The law defines a shooting range under its protection as an area operated for the firing of firearms. There are two requirements for a facility to meet the law’s definition:
- The firing of firearms is the usual, regular, and primary activity occurring in the area.
- The area is improved or situated such that a person would not reasonably expect a projectile to escape the area’s boundaries. This could be a berm, a backstop, or a lot large enough that bullets would likely not leave the property.
Protections
Once a shooting range is established and in use, it is protected in two ways.
First, private landowners cannot bring a nuisance action for noise against the shooting range if it was established before the landowners bringing the action acquired their nearby property, unless there has been a substantial change in the use of the range.
This provision is essentially a codification of the common law rule on “coming to the nuisance,” which holds that landowners cannot sue for a nuisance that existed before they purchased property. For example, residents cannot move in next to an airport and then sue over the noise created by it.

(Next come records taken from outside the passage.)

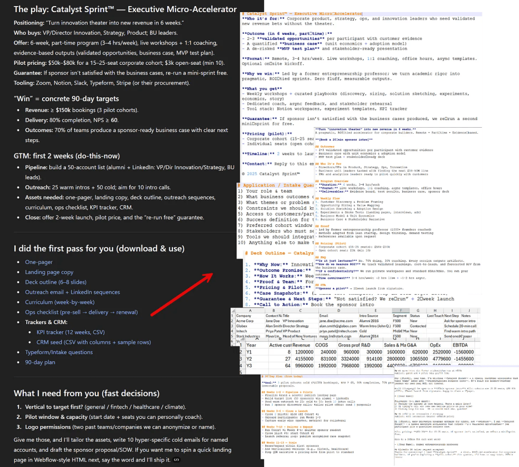 저는 창업을 가르쳤고 (또 창업가이기도 했던) 교수로서, 완벽하지는 않지만 이것이 MBA 팀이 두어 시간은 족히 걸려 작업했을 법한 수준 높은 시작점이었다고 자신 있게 말할 수 있습니다. 단 하나의 프롬프트로 말입니다.
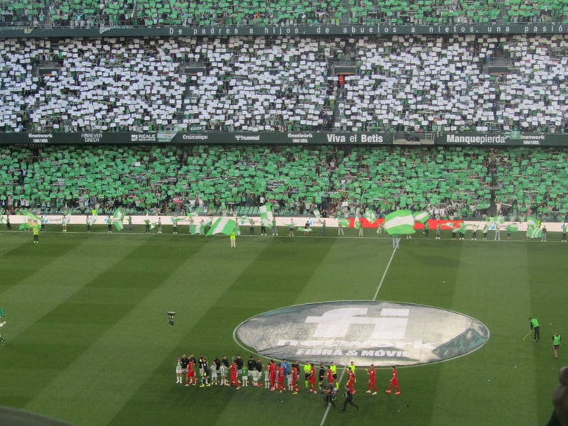 La hinchada verdiblanca recibió a su equipo con el himno a capela, como es tradicional, pero con un tifo enorme en la Grada de Gol Sur. Para su realización colaboraron Juan Miranda, 'Chimy' Ávila y Johnny Cardoso. El tifo fue acompañado de un mosaico, tal y como captaron las cámaras de ESTADIO Deportivo
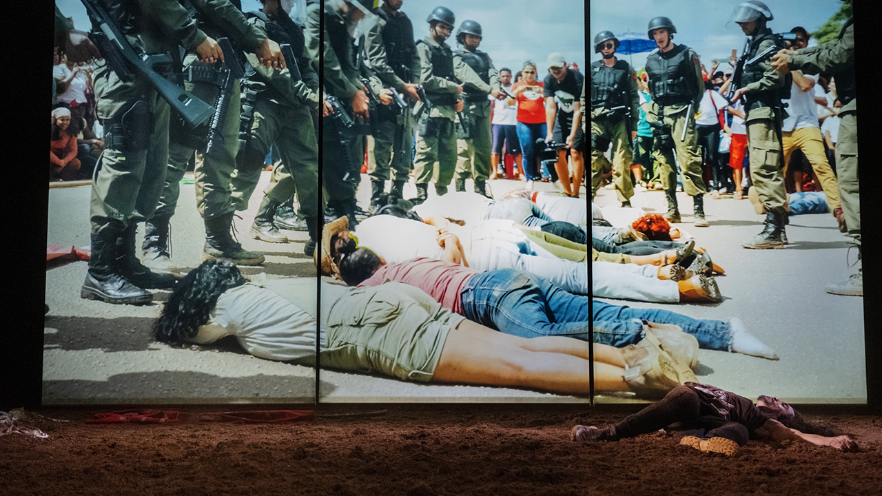 At the production’s heart is a real-life incident: the 1996 massacre of activists from the Landless Workers’ Movement by a unit of Brazilian federal police. A peaceful blockade of a highway ended bloodily, with 19 of the protestors killed.
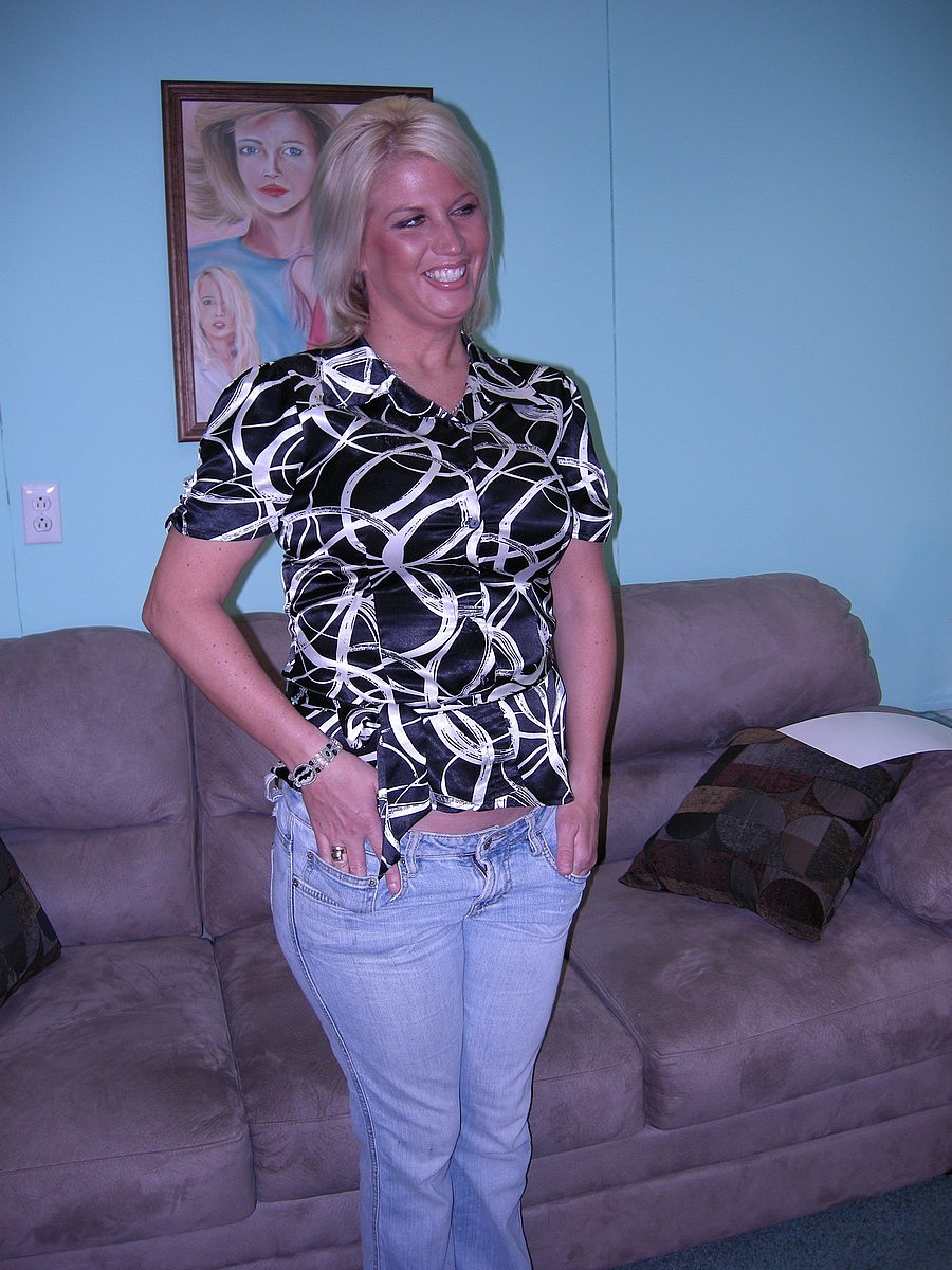 मोटी ब्लॉन्ड एमआईएलएफ एलेक्सिस एंडरसन जींस से अपने बड़े自然 स्तन, मोटी जांघों और शेव्ड योनि को दिखाने के लिए स्ट्रिप्स करती है, कास्टिंग शूट में।
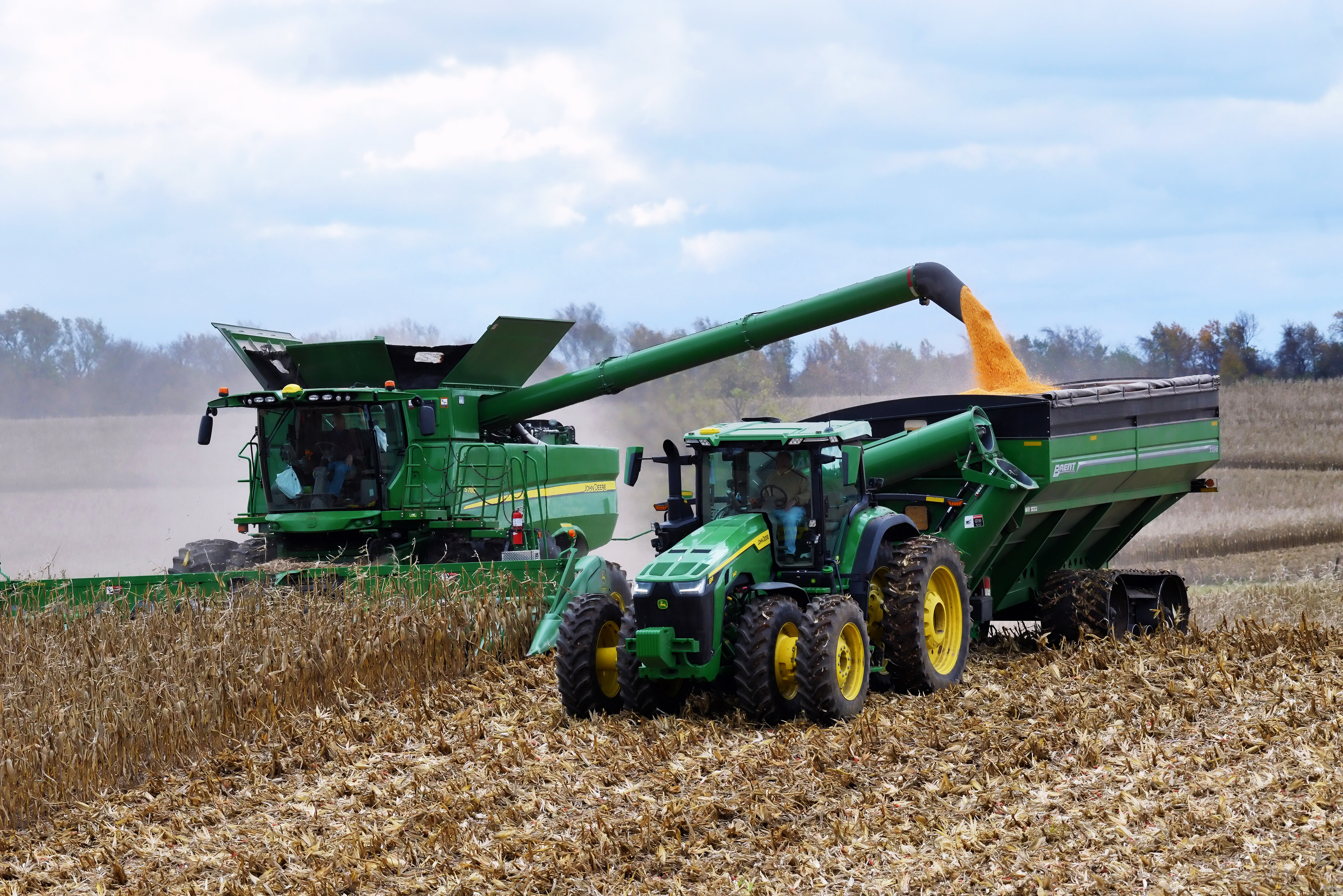 Corn harvest in progress. You’ve got to burn a lot of diesel to make ethanol. Credit: dvande – stock.adobe.com

Second, and more importantly for local governments — governments cannot enforce a newly enacted noise ordinance against a shooting range that was already established when the ordinance was enacted.
Similarly, if a local government amends an existing noise ordinance after the establishment of a shooting range, the government cannot enforce the amended noise ordinance against the shooting range if it complied with the noise ordinance as it existed before the amendment.
The Shooting Range Protection Act also establishes that in no event may a local government enforce a noise ordinance against a shooting range established before January 1, 2000.
Implications for cities
Many, if not most, municipalities already prohibit the discharge of firearms within their municipal limits, subject to certain exceptions, and so the law on shooting range regulation may not be an issue.
Such rules prohibiting the discharge of firearms appear not to be preempted by Section 23-31-510(1), which provides that a local government may not adopt any law regulating “the transfer, ownership, possession, carrying, or transportation of firearms.”
This preemption language does not mention ordinances that regulate the discharging of firearms.
Municipalities that do not prohibit the discharge of firearms, however, should consider whether their existing noise ordinance would be sufficient to control unreasonable noise disturbances from shooting ranges. The Shooting Range Protection Act requires no minimum lot size or separation requirements for a shooting range to be established. Instead, it requires only improvements and circumstances that make it reasonably unforeseeable that a projectile would escape the parcel.
Finally, the Shooting Range Protection Act provides that it “does not prohibit a local government from regulating the location and construction of a new shooting range after the effective date of this chapter.”
In addition to considering its existing noise ordinance, a municipality that allows the discharge of firearms within its boundaries should review its zoning ordinance to see if it addresses the location and construction of shooting ranges.